With lots of attention being paid to the Disney trial, it is probably taking a look at the recent opinion of Vice Chancellor Noble of the Delaware Court of Chauncery in Integrated Health Services v. Elgin.
This opinion was discussed during my videotaped panel with current and former Delaware Supreme Court Chief Justices Steele and Veasey – and it is the first case that interprets the “good faith” standard enunciated in the May 2003 Disney decision arising out of the Ovitz severance payment.
Today, the SEC approved the Nasdaq amendments that amend Rule 4350 and related interpretative material to provide time frames for foreign issuers and foreign private issuers to disclose certain code of conduct waivers. The amendments provide that:
1. Foreign issuers, other than foreign private issuers, are required to disclose any waivers of the code of conduct by the board of directors for directors and executive officers in the same time frame as domestic issuers, i.e., via a Form 8-K within five business days.
2. Foreign private issuers are required to disclose waivers of the code of conduct by the board of directors for directors and executive officers either on the issuer’s next Form 20-F or 40-F, or on a Form 6-K.
How Closely Are Mutual Funds Following Their Voting Guidelines?
As you may recall, mutual funds began reporting their voting records at the end of August for the first time. Because mutual funds hold about a quarter of the domestic stockholdings, their votes can be decisive.
The report ranked the 10 funds by the percentage of how often the fund met the AFL-CIO’s guidelines – and their was quite a variance as the scores ranged from a high of 100% for American Century to a low of 20% for Putnam. Fidelity, the nation’s largest fund family (and who was very opposed to disclosing its voting record during that debate) ranked 9th with a 25% score.
Charities Get Their Own Sarbanes-Oxley
Sarbanes-Oxley continues to ripple through other areas of the law. A week ago, Governor Schwarzenegger signed a California bill – SB 1262 – which will impose some SOX-like requirements on charities, including requirements that charities with gross revenues of more than $2 million prepare financial statements in accordance with GAAP that are audited by independent auditors.
Corporate charities meeting this threshold will have to have an audit committee with responsibilities similar to those under SOx. The boards of all charities will be required to review and approve the compensation and benefits of the President or CEO and the Treasurer or CFO to assure that it is “just and reasonable.”

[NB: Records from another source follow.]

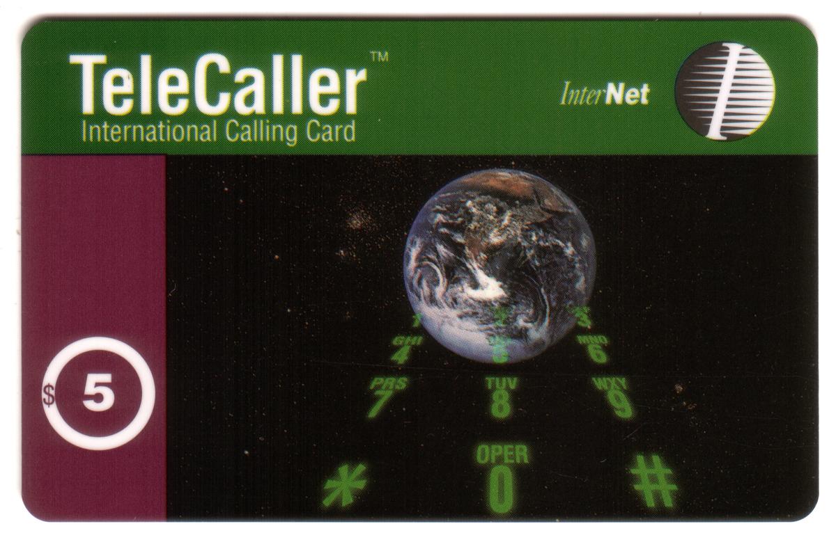 Above the keypad and globe, the text "$5 TeleCaller" is printed, indicating the card’s value and purpose as a telephone calling card. Another notable text element on the card is "InterNet Communication," suggesting the theme of global connectivity through modern technology. The brand or company name “TeleCaller” is associated with the card, reinforcing its identity as a phone card used for communications.
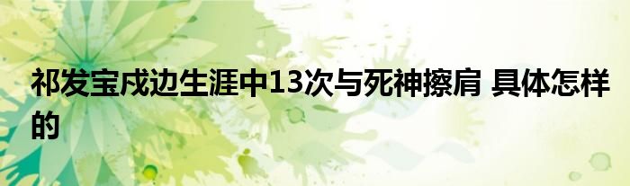 大家好.我是互联百科的羽儿,现在为大家解决以上祁发宝戍边生涯中13次与死神擦肩 具体怎样的的问题.
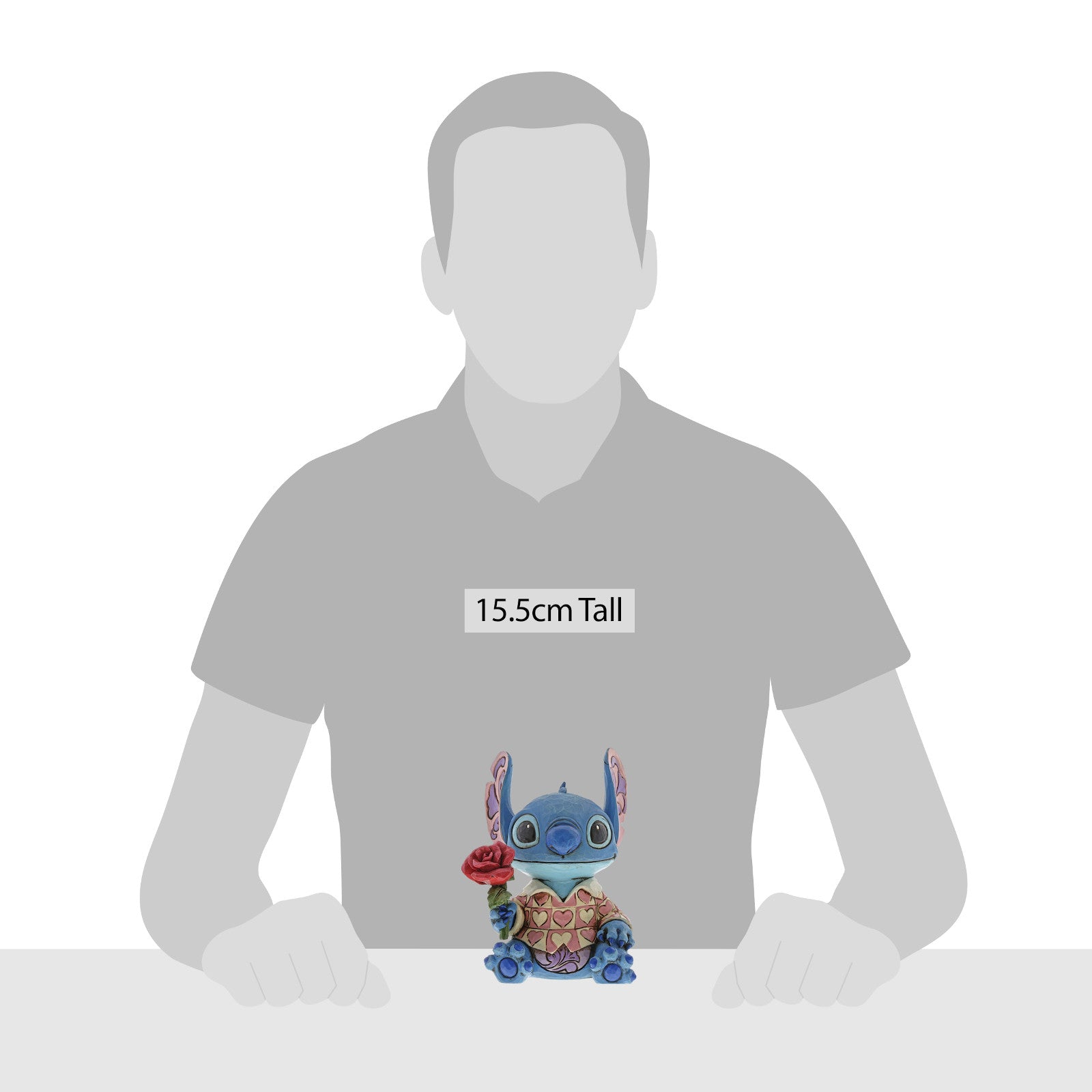 Stitch has transformed into a model citizen that Lilo would be proud of! Designed by Jim Shore, the adorable alien wears a heart-patterned shirt as he offers a single red rose.
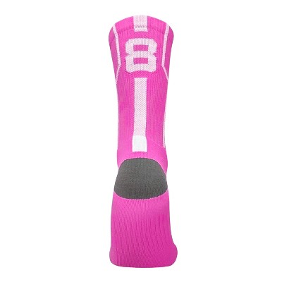 Mk Socks Player ID Jersey Number SINGLE Crew Sock - Hot Pink, White
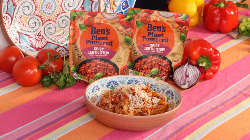 It only takes 2 ingredients to make this pici pasta, and with the Ben's spicy lentil stew sauce - this is a super quick, easy, plant based dish.
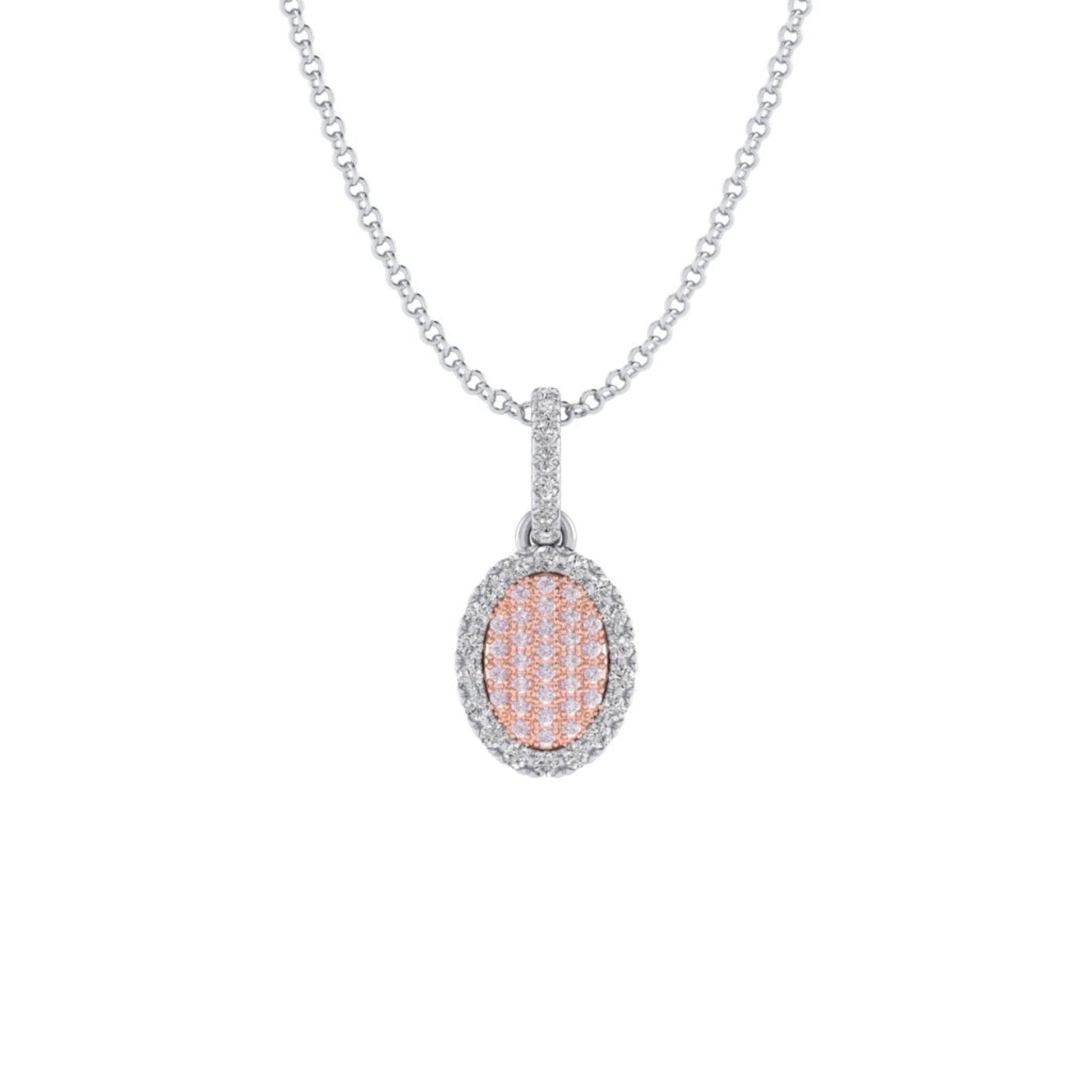 This beautiful pendant features shimmering pink diamonds in a pavé setting at its centre, surrounded by a halo of white diamonds. The bail diamonds add an extra sparkle to the piece, creating a magnificent jewellery piece. This pendant comes with a 45cm chain.
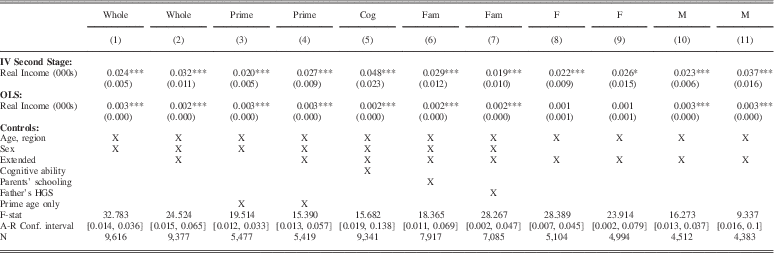 Note: dependent variable is ‘Real Income (’000s of pounds)’. First stage of 2SLS regression corresponding to Table 1. Extended controls include: married, white, years of schooling, religion. Full models reported in the Appendix. Heteroskedasticity-robust standard errors, clustered by household. Statistical significance: *10%; **5%; ***1%.
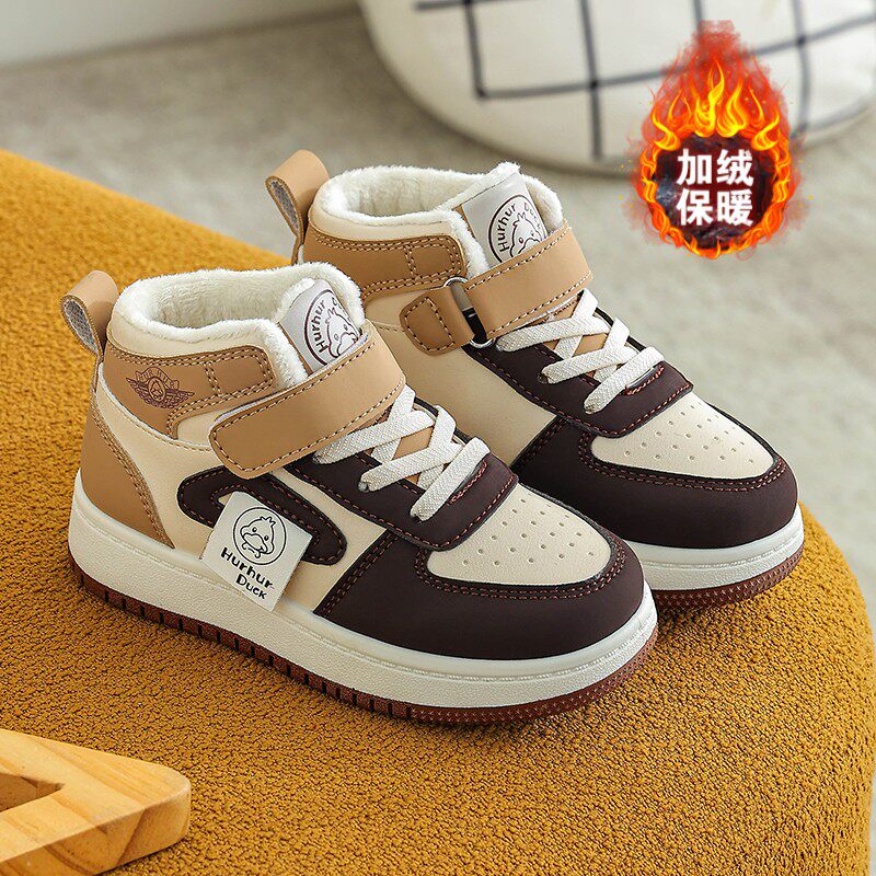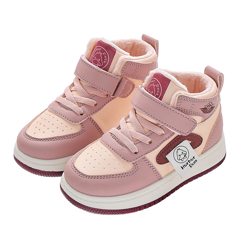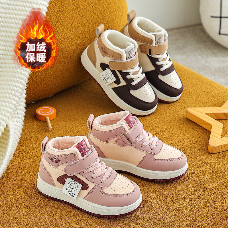 小黄鸭童鞋女童鞋高帮儿童运动鞋2026秋冬新款女孩板鞋加绒二棉鞋

Keith Bishop notes that there probably are more charities affected by this law than issuers affected by SOX. According the California Attorney General, there were over 80,000 charitable organizations registered in California as of January 2001.
At our compensation conference today – its actually is still going on right now – Corp Fin Director Alan Beller gave a memorable 45 minute speech on executive compensation that is bound to raise the eyebrows – and sharpen the pencils – of those of you that are responsible for compensation disclosure. Kudos to Alan for speaking out and doing the responsible thing!
Alan mentioned that his speech will be posted on the SEC site in a day or so – you can review the archived video of it on CompensationStandards.com whenever you wish.
There are an overwhelming number of attendees, both here and on the web – and a palatable buzz in the audience here in San Francisco. Very gratifying for six months of hard work and navigating an experiment in video conferencing. Tonight, I drink heavy…or go right to sleep.